What lies ahead for litigation finance in the UK? A reflective start to 2026

By Stuart Hills

The holiday season has passed once more, presents have been opened, mulled wine has been drunk, Olde Lang Syne has been sung and New Year promises made – and by now many of these same promises broken.

So it seems only fitting to stick with one of those January traditions to attempt to predict what the New Year holds, in particular for the UK legal finance industry – what do we think will happen? What would be good to happen?

In 2025 we saw the release of the Civil Justice Committee’s Final Report into the legal finance industry – a mixed bag of sweets from where we stand. We welcome its release, we welcome its stance on fixing PACCAR, but its’ views on such a fix having retrospective effect do not sit so well with us. It’s views on litigation control are at best challenging.  But overall, it is a good body of work.

But what is clear is that beyond anything else what we all need for 2026 is for the effects of PACCAR to be fixed.  Government have indicated that they will pass legislation in 2026 to fix PACCAR, however as always the answer will lie in the detail. Sarah Sackman KC MP, Minister of State for Courts and Legal Services has previously indicated that any legislation will not have retrospective effect, that it will have prospective effect only so as not to override the general rule of law principle.  It is a stance we believe to be right.

We also believe that we should use the opportunity of legislation to clarify other issues of law which may not be quite as clear as we would like. The legal finance industry would benefit from having an effective secondary market, to achieve that it could do with certainty on issues such as the protection of legal privilege. If we are passing legislation effecting the legal finance industry why not use it to clarify such issues?

We have seen some existing players exit the market and others contract, whilst a core group of funders seem to have consolidated their positions.

2025 saw an attempt led by Senator Tillis to raise the tax treatment of legal finance in the US, aimed primarily at foreign investment in the funding of litigation in the US. Although this attempt was halted, Tillis and others have vowed to carry on the fight. 

This attack on the industry is one of a number of attacks which raised their head in 2025 including the call for greater disclosure and regulation. We can expect these calls for change to continue in 2026 and beyond. 

2025 seemed to continue a trend we have seen in the last few years of decreasing fund raising. I don’t think this is necessarily a cause for long term concern.
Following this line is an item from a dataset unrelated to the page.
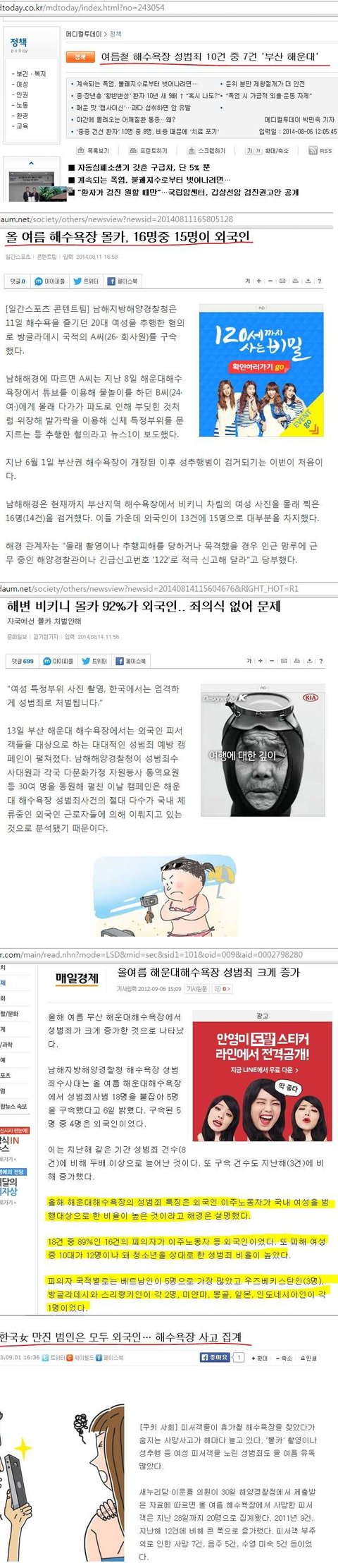 난 중.고등학교때 합쳐서 외국인노동자한테 추행당한거만 5번이넘음...가볍게 버스에서 가방밑으로 허벅지주무르는것부터 심하겐 집까지 쫓아오기도 하고 돈줄테니 자달라고 하기고하고 ㅡ.ㅡ 그렇다고 내가 막 놀고 다니는 애들도 아니었고...ㅠㅠ 그래서 난 외국인 볼때 정말 벌레보는것같고 싫음 소름끼치고ㅠㅠㅠ 근데 아직 독립을 못해서 그동네에 계속 살고있단거ㅠ
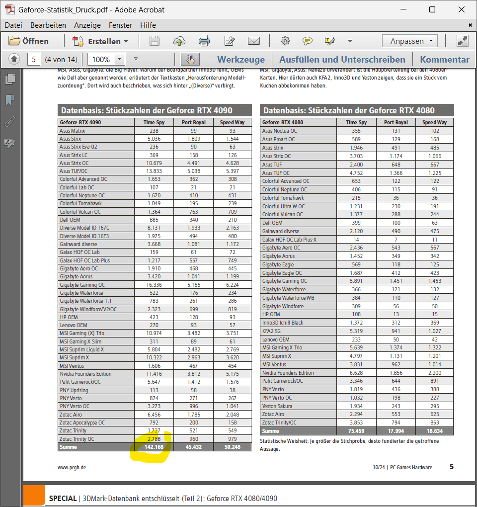 Weiterer Beleg, warum die Zahl 100.000 zu niedrig angesetzt sein muss, um welchen Faktor auch immer: In der 3DMark-Statistikauswertung zu Geforce zählten @ApolloX und ich gut 142.000 Accounts (anonymisiert), die innerhalb von 14 Monaten nach dem Ada-Launch mit der 4090 Time Spy gebencht hatten. Diese Zahl wiederum kann nur eine Teilmenge aller Exemplare sein, die da draußen werkeln.

Although longer than ideal case timelines must surely be a factor in fund raising, I think it can also be explained by an increase in understanding and in focus – as an industry we are better understanding what is working and what is not,  which ultimately must be better for our investors.

As a result of that greater understanding, some of the other trends of 2025 do not seem surprising – a continued increase in portfolio deals over single case investments and deeper due diligence reviews being two factors that are signs of increasing maturity in the market.  Are these signs that we are entering a new more responsible legal funding market?  That certainly seems to be the case from what we see.

Tech litigation we think is only going to continue, a reflection of nothing more than the growing importance of tech generally.

AI is a topic that will remain on everyone’s lips during 2026.  It’s simply too big an issue for that not to be the case.  AI will eventually change everything we do, but how it will do that and at what speed, how we control it, verify it and ultimately learn to live with it are all open questions. But they are exciting ones. AI has a power we could all only have dreamed of just a few years ago.  It will change the way we learn, how we interact, how we think. It will improve the speed of understanding and as a result the speed of progress.  It will thus change literally everything. 

Over the years litigation funders and insurers have worked well together to build up an arsenal of weapons which can be deployed in the contingent risk space. 2025 saw some of that come under challenge with several mainstream insurance companies questioning the legal finance industry, blaming it in effect for the rise in certain premiums. However, for the most part litigation funders and insurers continue to work well together, both driven to innovate new products for a market that is increasingly sophisticated 

There are some things we can do better in 2026 and I want mention just a couple with the most obvious one being that of leadership. 

If we are to make the most of what we have, if we want to lobby Government effectively to create the industry that is going to maximise success then we need to be more joined up in the way we use our voice. We need an effective industry body – one that all the major players in the market support. The top funds need to come together and lend their support to one body, properly fund that body to make sure that the voice of the industry is heard with consistency and sense. 

We need to come to terms with regulation of our industry, but we need the industry to help Government to come up with the best regulatory structure, one that brings the best standards of governance, sets best standards of behaviour with an effective sanctions regime.  Regulation should be seen as an opportunity.  It is part of the growing up process and we need to embrace it.

Government can’t do it all on their own. We need to help them reach the right conclusions to put the right framework in place to empower our industry. If we leave them to get on with it we miss the opportunity to help them come to the right conclusions. 

So let’s find our “joined up” voice in 2026 and let’s start to truly shape the future of our industry. 2026 is a big year for the legal finance industry and we should not miss the opportunities that can be created if we do some simple things right.